= Beginning of Section =

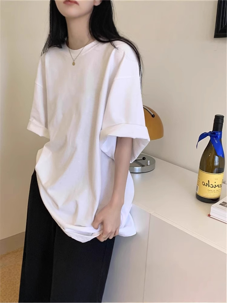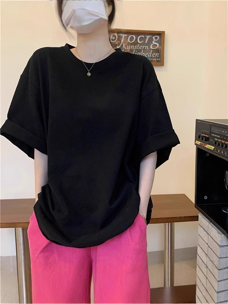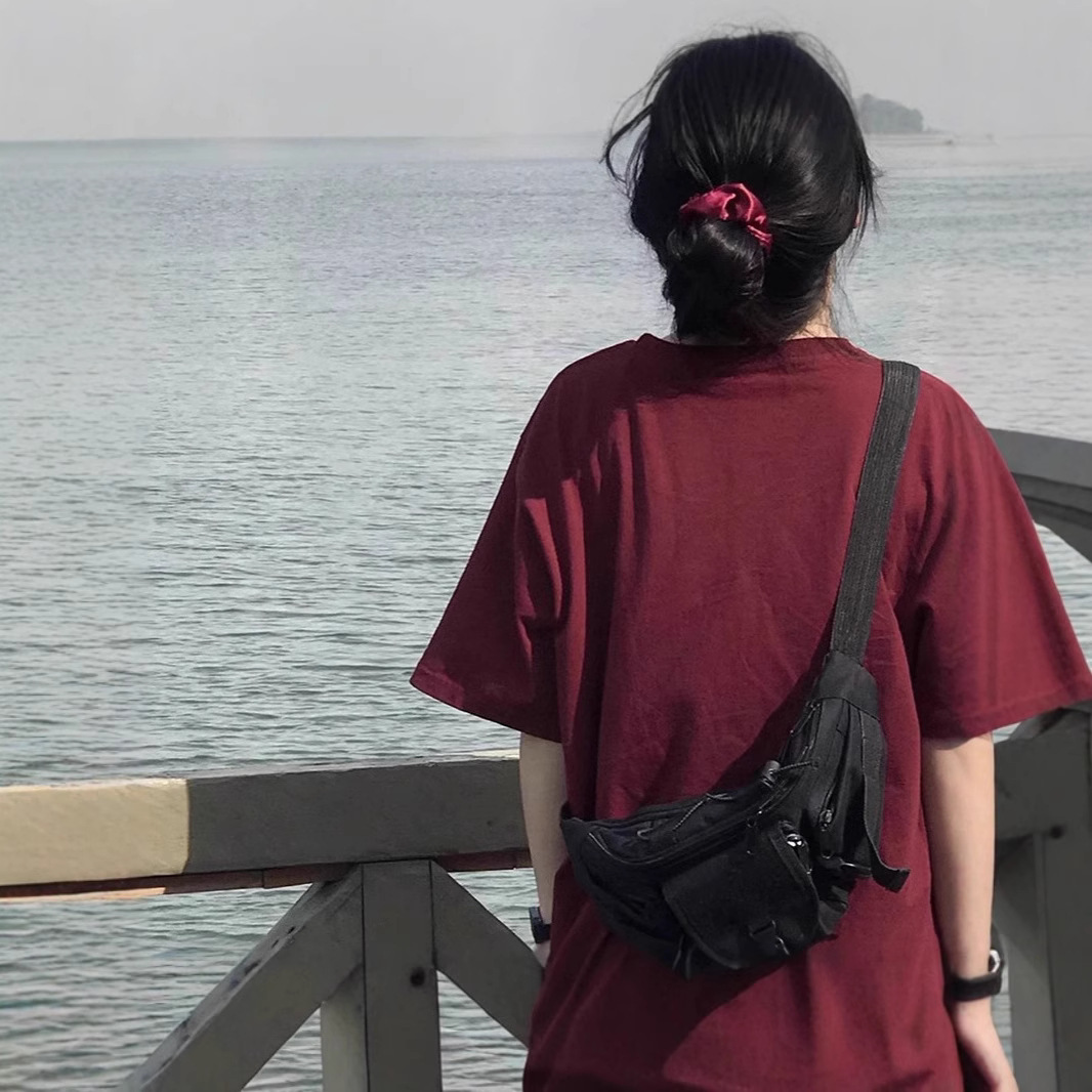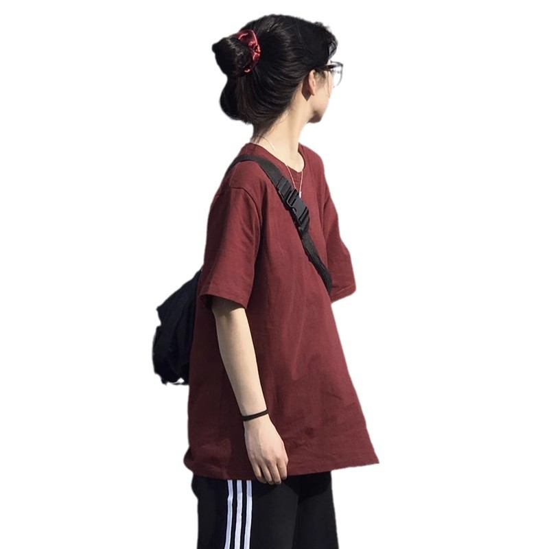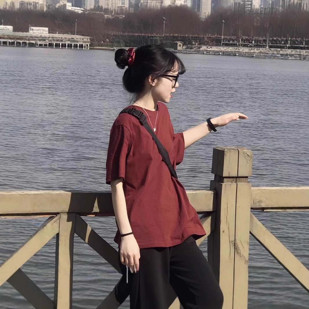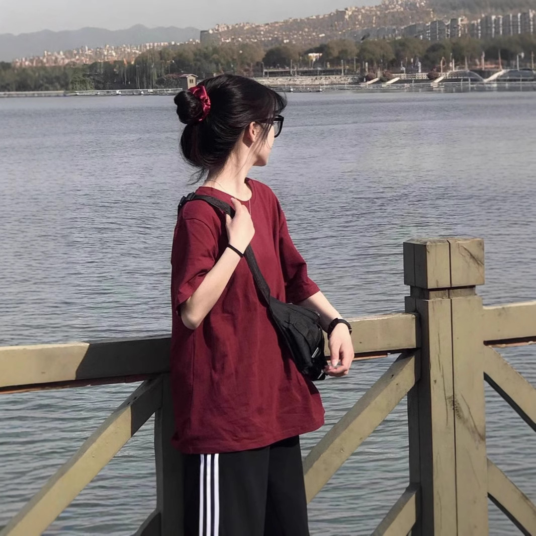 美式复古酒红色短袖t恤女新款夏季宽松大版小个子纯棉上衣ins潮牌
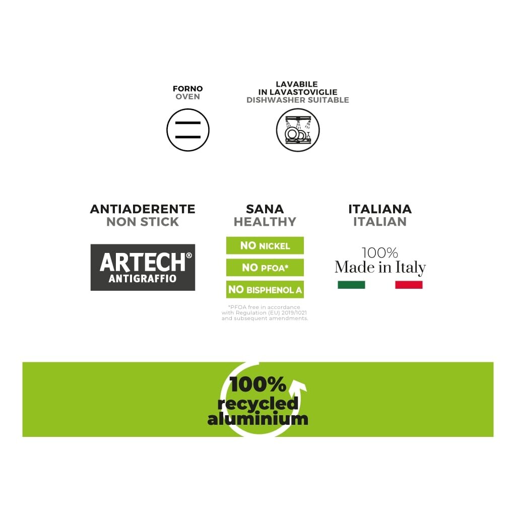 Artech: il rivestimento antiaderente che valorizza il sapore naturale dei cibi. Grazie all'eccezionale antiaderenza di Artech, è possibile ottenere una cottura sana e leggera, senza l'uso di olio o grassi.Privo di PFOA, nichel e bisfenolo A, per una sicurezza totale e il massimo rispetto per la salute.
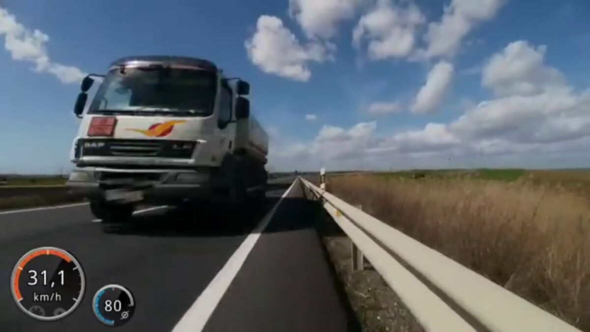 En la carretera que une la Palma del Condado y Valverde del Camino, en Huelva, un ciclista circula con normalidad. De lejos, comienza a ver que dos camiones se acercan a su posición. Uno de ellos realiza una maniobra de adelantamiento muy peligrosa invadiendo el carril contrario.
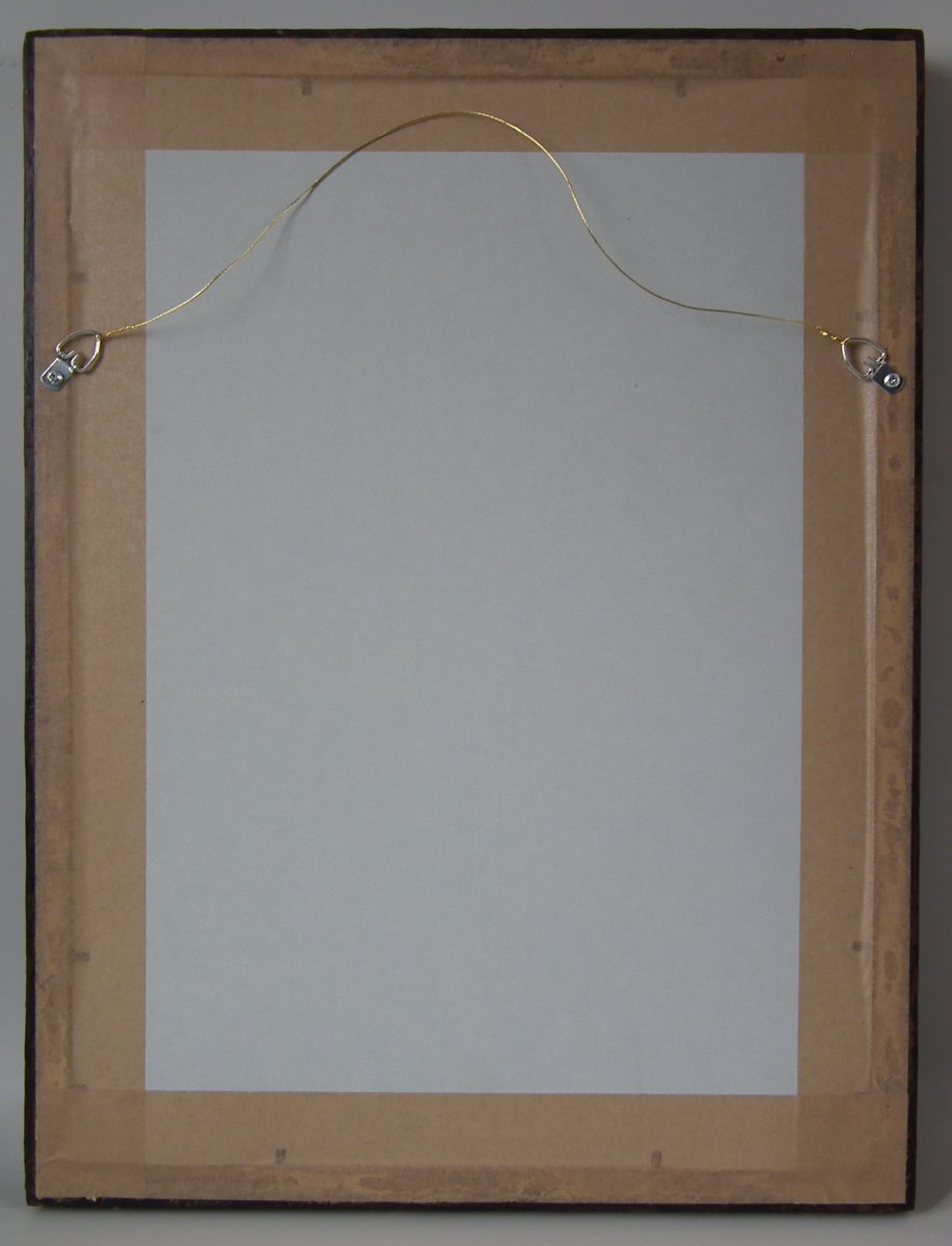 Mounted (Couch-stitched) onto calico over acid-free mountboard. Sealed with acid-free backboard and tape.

= End of Section =

Before you finish, make sure every line above has been repeated exactly and no picture remains in the copy.

## Answer for this exercise
 美式复古酒红色短袖t恤女新款夏季宽松大版小个子纯棉上衣ins潮牌
 Artech: il rivestimento antiaderente che valorizza il sapore naturale dei cibi. Grazie all'eccezionale antiaderenza di Artech, è possibile ottenere una cottura sana e leggera, senza l'uso di olio o grassi.Privo di PFOA, nichel e bisfenolo A, per una sicurezza totale e il massimo rispetto per la salute.
 En la carretera que une la Palma del Condado y Valverde del Camino, en Huelva, un ciclista circula con normalidad. De lejos, comienza a ver que dos camiones se acercan a su posición. Uno de ellos realiza una maniobra de adelantamiento muy peligrosa invadiendo el carril contrario.
 Mounted (Couch-stitched) onto calico over acid-free mountboard. Sealed with acid-free backboard and tape.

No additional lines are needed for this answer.